If something unforeseen happened to me then I would have to accept it and cope as best as I could
It is not something exclusive to me for it is a universal human response to any manner of situations
I am not Buddhist though I think being naturally passive is the default position for me from now on
If I saw a child being harmed I would probably tell the police but would not get involved otherwise
I avoid human beings much as possible and I fully plan on remaining a recluse up until the day I die

I won’t speak for other people, but I recall a few days before I was headed off to kindergarten, my great aunt asked me “are you excited” for which I responded honestly, swiftly, and plainly with “no”.

26 or so years later and I have never wavered from that sort of feeling, outside of growing an even deeper disdain for school/work and despair at the thought of going to school/work, and so I have avoided doing so at just about all costs. For me, no, no, no I do not like (disdain, utterly despise, have contempt for, etc) being a slave, and will not put up with it.

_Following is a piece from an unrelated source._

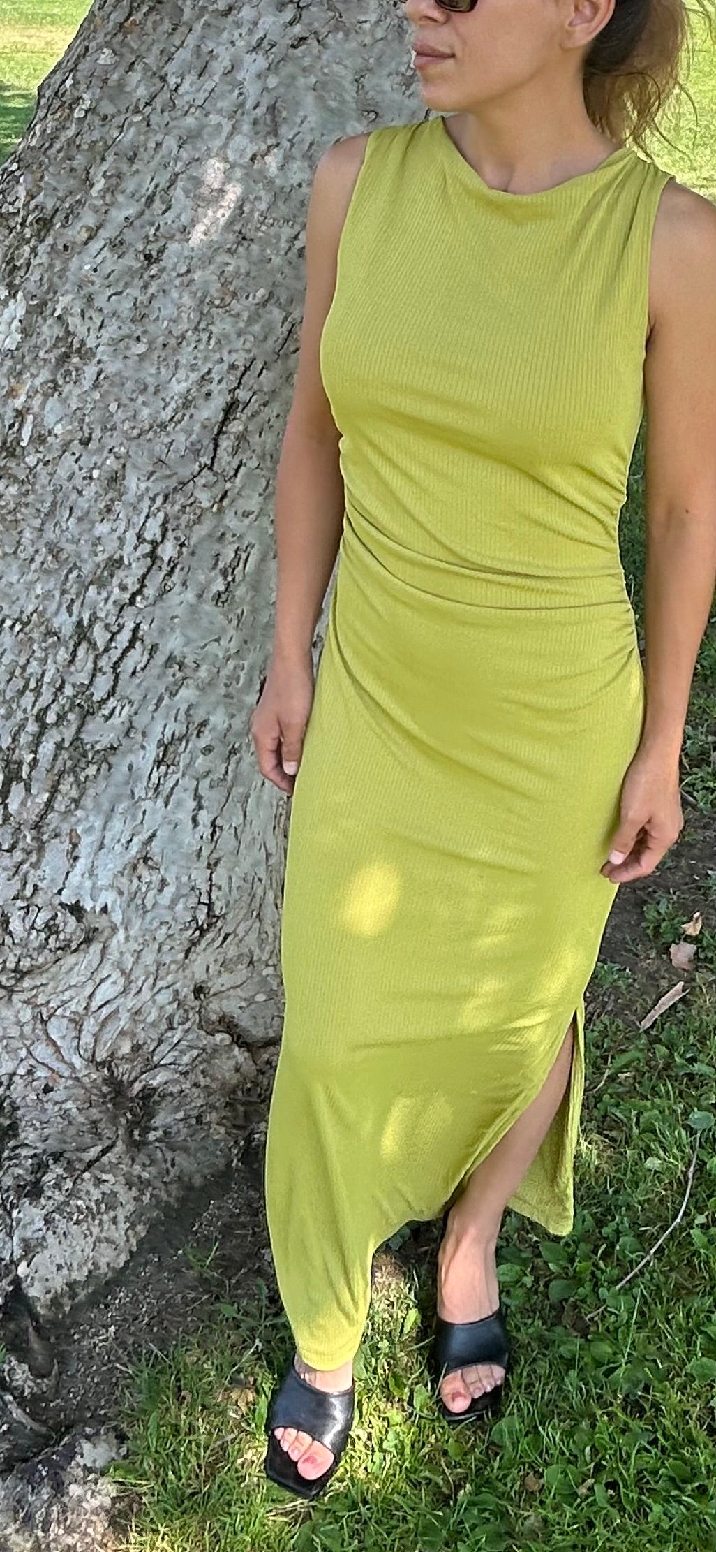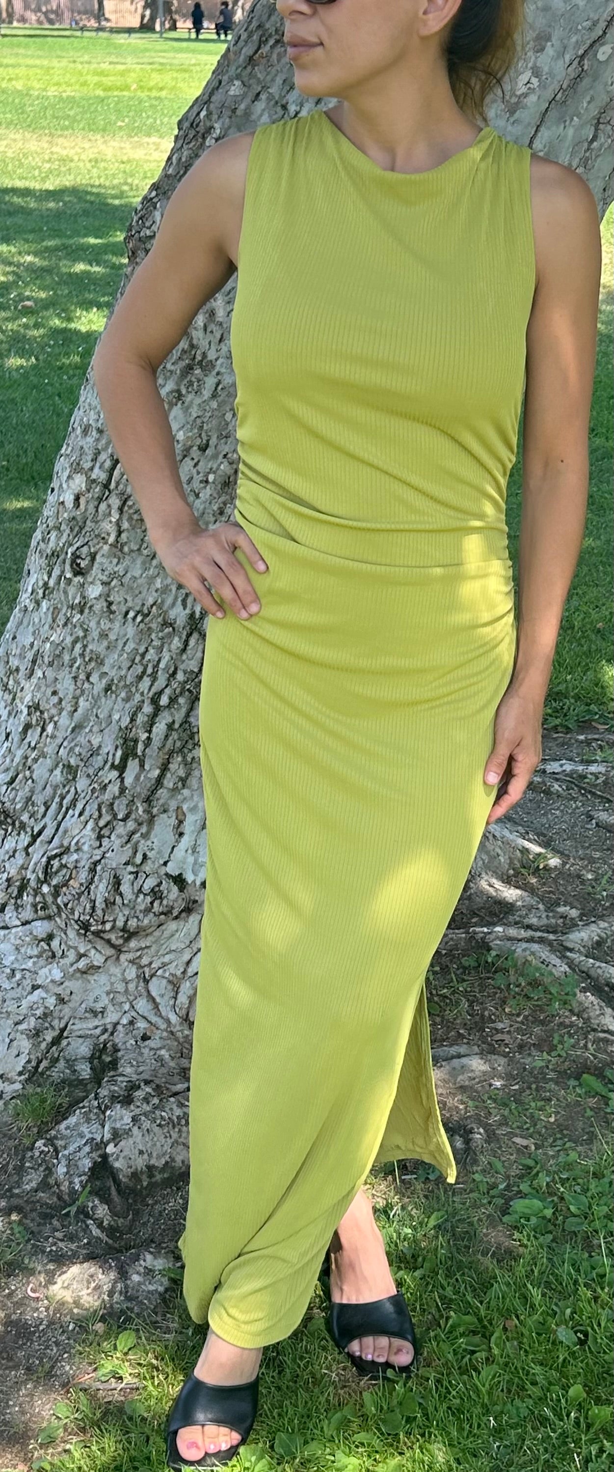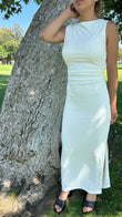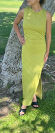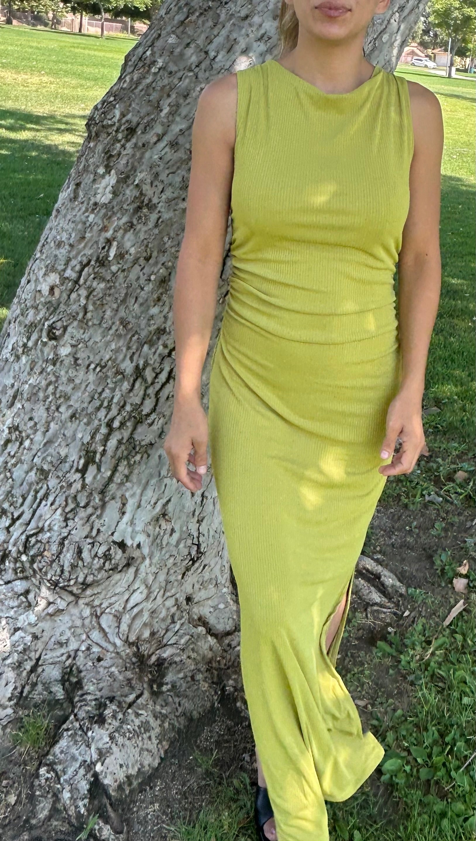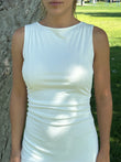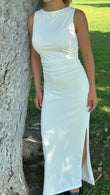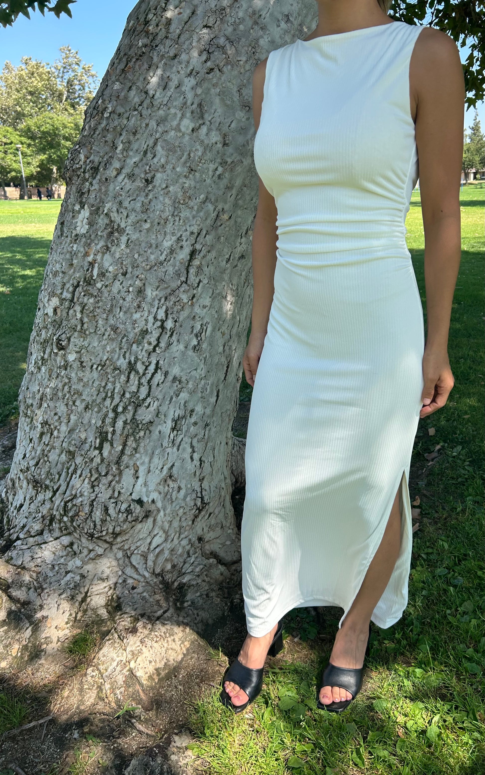 Expertly crafted, the Siona Dress boasts a ribbed design and long silhouette in classic white and olive hues. Its backless feature adds a touch of elegance, making it the perfect dress for any occasion. Stay stylish and comfortable with this versatile and chic dress.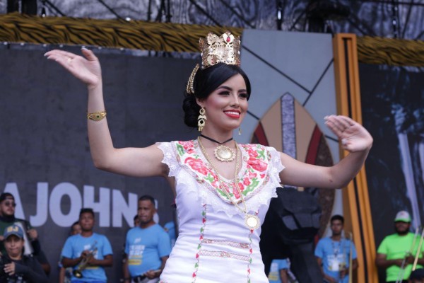 El ambiente a carnaval llegó al máximo cuando se presentó en tarima la Murga Oficial del Carnaval junto a la reina Anubis Osorio y sus princesas Cristal Fábrega y María Syres

My work is my life and my life is my work. MY work, MY life, in which activities like reducing suffering, adventuring into the unknown, asking questions, and walking the path is more than enough, almost too much to handle at times, to be honest. That which calls me calls, and that which doesn’t doesn’t. I cannot do what I am not called to do, would truly rather die, then be forced into slavery, which to me school/work most certainly is.

But again, I can only speak for myself. I am well aware that a vast amount of people go to work, and at least endure it. I have never been able to endure it for long. By the time I was a freshman in high school I refused to go to school anymore, or rather, my nervous system refused it. I wouldn’t budge, was absolutely frozen, paralyzed, shell shocked. Could utterly not do it anymore. I vowed that if I ever had to work I’d simply kill myself. Nothing has changed since then.